── Material for the task ──
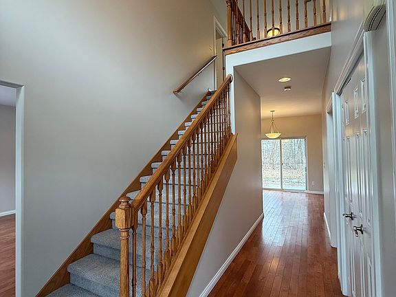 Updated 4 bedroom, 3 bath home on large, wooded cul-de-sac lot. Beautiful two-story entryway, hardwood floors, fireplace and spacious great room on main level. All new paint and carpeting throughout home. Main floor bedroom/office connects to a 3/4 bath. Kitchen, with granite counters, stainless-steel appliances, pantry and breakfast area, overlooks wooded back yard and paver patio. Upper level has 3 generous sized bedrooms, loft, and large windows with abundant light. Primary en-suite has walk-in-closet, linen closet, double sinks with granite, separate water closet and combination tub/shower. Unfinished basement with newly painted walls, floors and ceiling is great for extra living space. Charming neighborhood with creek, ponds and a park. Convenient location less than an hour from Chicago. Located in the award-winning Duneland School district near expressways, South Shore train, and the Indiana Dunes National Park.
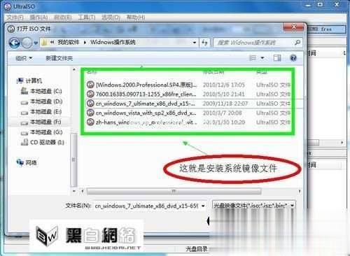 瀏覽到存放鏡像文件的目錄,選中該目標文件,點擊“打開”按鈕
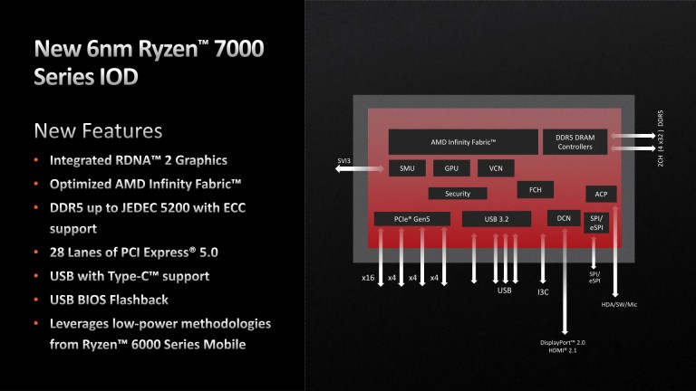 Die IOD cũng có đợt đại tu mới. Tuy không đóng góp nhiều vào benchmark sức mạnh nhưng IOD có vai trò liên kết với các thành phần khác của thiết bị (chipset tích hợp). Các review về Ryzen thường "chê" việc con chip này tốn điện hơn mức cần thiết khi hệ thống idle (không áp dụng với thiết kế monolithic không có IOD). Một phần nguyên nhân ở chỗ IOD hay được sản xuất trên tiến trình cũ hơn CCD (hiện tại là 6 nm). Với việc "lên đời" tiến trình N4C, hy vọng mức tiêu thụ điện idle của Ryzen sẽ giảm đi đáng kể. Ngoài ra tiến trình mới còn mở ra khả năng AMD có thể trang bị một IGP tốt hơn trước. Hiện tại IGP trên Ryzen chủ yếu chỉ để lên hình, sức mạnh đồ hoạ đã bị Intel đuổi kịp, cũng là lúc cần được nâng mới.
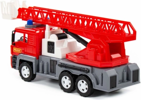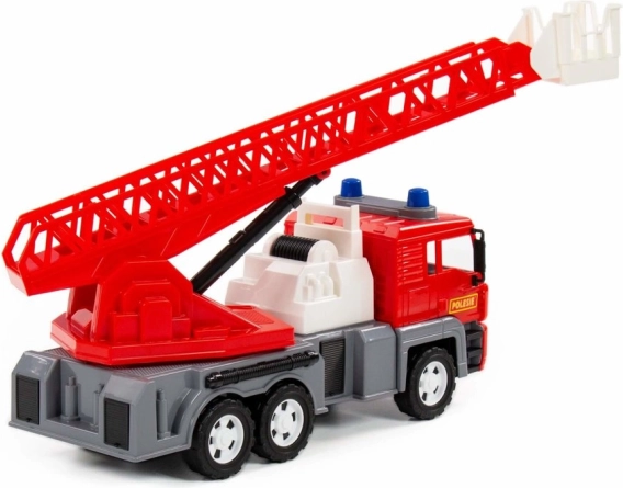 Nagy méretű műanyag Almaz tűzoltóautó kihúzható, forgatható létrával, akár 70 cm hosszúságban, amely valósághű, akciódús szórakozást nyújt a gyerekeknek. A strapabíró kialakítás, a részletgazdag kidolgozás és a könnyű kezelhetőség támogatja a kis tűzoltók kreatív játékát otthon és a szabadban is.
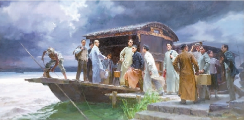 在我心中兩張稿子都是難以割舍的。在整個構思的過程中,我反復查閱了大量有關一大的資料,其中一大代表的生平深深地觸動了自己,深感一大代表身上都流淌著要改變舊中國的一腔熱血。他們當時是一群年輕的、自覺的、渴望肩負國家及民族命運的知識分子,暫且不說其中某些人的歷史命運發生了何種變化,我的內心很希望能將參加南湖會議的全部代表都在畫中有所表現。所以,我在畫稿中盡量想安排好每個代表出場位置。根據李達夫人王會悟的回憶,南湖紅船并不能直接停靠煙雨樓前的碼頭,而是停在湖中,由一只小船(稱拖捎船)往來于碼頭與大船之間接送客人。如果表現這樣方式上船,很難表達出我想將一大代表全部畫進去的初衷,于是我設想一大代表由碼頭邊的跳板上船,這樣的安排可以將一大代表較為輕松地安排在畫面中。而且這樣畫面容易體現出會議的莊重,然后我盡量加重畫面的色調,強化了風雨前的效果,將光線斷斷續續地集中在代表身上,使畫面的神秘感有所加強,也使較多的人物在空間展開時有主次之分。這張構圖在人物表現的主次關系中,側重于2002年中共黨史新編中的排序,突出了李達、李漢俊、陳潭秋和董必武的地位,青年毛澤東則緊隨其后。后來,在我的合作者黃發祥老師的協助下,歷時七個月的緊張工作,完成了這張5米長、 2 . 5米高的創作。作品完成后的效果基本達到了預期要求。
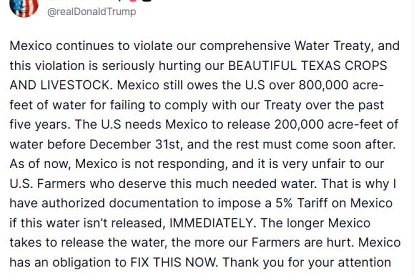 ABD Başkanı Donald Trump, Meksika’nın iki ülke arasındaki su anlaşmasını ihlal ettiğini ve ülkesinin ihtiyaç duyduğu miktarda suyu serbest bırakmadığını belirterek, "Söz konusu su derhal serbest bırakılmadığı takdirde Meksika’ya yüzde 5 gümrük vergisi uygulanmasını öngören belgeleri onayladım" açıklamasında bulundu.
───
[What this task involves]
When a picture appears among the entries, skip it; transcribe everything else exactly.

[Completed task]
 Updated 4 bedroom, 3 bath home on large, wooded cul-de-sac lot. Beautiful two-story entryway, hardwood floors, fireplace and spacious great room on main level. All new paint and carpeting throughout home. Main floor bedroom/office connects to a 3/4 bath. Kitchen, with granite counters, stainless-steel appliances, pantry and breakfast area, overlooks wooded back yard and paver patio. Upper level has 3 generous sized bedrooms, loft, and large windows with abundant light. Primary en-suite has walk-in-closet, linen closet, double sinks with granite, separate water closet and combination tub/shower. Unfinished basement with newly painted walls, floors and ceiling is great for extra living space. Charming neighborhood with creek, ponds and a park. Convenient location less than an hour from Chicago. Located in the award-winning Duneland School district near expressways, South Shore train, and the Indiana Dunes National Park.
 瀏覽到存放鏡像文件的目錄,選中該目標文件,點擊“打開”按鈕
 Die IOD cũng có đợt đại tu mới. Tuy không đóng góp nhiều vào benchmark sức mạnh nhưng IOD có vai trò liên kết với các thành phần khác của thiết bị (chipset tích hợp). Các review về Ryzen thường "chê" việc con chip này tốn điện hơn mức cần thiết khi hệ thống idle (không áp dụng với thiết kế monolithic không có IOD). Một phần nguyên nhân ở chỗ IOD hay được sản xuất trên tiến trình cũ hơn CCD (hiện tại là 6 nm). Với việc "lên đời" tiến trình N4C, hy vọng mức tiêu thụ điện idle của Ryzen sẽ giảm đi đáng kể. Ngoài ra tiến trình mới còn mở ra khả năng AMD có thể trang bị một IGP tốt hơn trước. Hiện tại IGP trên Ryzen chủ yếu chỉ để lên hình, sức mạnh đồ hoạ đã bị Intel đuổi kịp, cũng là lúc cần được nâng mới.
 Nagy méretű műanyag Almaz tűzoltóautó kihúzható, forgatható létrával, akár 70 cm hosszúságban, amely valósághű, akciódús szórakozást nyújt a gyerekeknek. A strapabíró kialakítás, a részletgazdag kidolgozás és a könnyű kezelhetőség támogatja a kis tűzoltók kreatív játékát otthon és a szabadban is.
 在我心中兩張稿子都是難以割舍的。在整個構思的過程中,我反復查閱了大量有關一大的資料,其中一大代表的生平深深地觸動了自己,深感一大代表身上都流淌著要改變舊中國的一腔熱血。他們當時是一群年輕的、自覺的、渴望肩負國家及民族命運的知識分子,暫且不說其中某些人的歷史命運發生了何種變化,我的內心很希望能將參加南湖會議的全部代表都在畫中有所表現。所以,我在畫稿中盡量想安排好每個代表出場位置。根據李達夫人王會悟的回憶,南湖紅船并不能直接停靠煙雨樓前的碼頭,而是停在湖中,由一只小船(稱拖捎船)往來于碼頭與大船之間接送客人。如果表現這樣方式上船,很難表達出我想將一大代表全部畫進去的初衷,于是我設想一大代表由碼頭邊的跳板上船,這樣的安排可以將一大代表較為輕松地安排在畫面中。而且這樣畫面容易體現出會議的莊重,然后我盡量加重畫面的色調,強化了風雨前的效果,將光線斷斷續續地集中在代表身上,使畫面的神秘感有所加強,也使較多的人物在空間展開時有主次之分。這張構圖在人物表現的主次關系中,側重于2002年中共黨史新編中的排序,突出了李達、李漢俊、陳潭秋和董必武的地位,青年毛澤東則緊隨其后。后來,在我的合作者黃發祥老師的協助下,歷時七個月的緊張工作,完成了這張5米長、 2 . 5米高的創作。作品完成后的效果基本達到了預期要求。
 ABD Başkanı Donald Trump, Meksika’nın iki ülke arasındaki su anlaşmasını ihlal ettiğini ve ülkesinin ihtiyaç duyduğu miktarda suyu serbest bırakmadığını belirterek, "Söz konusu su derhal serbest bırakılmadığı takdirde Meksika’ya yüzde 5 gümrük vergisi uygulanmasını öngören belgeleri onayladım" açıklamasında bulundu.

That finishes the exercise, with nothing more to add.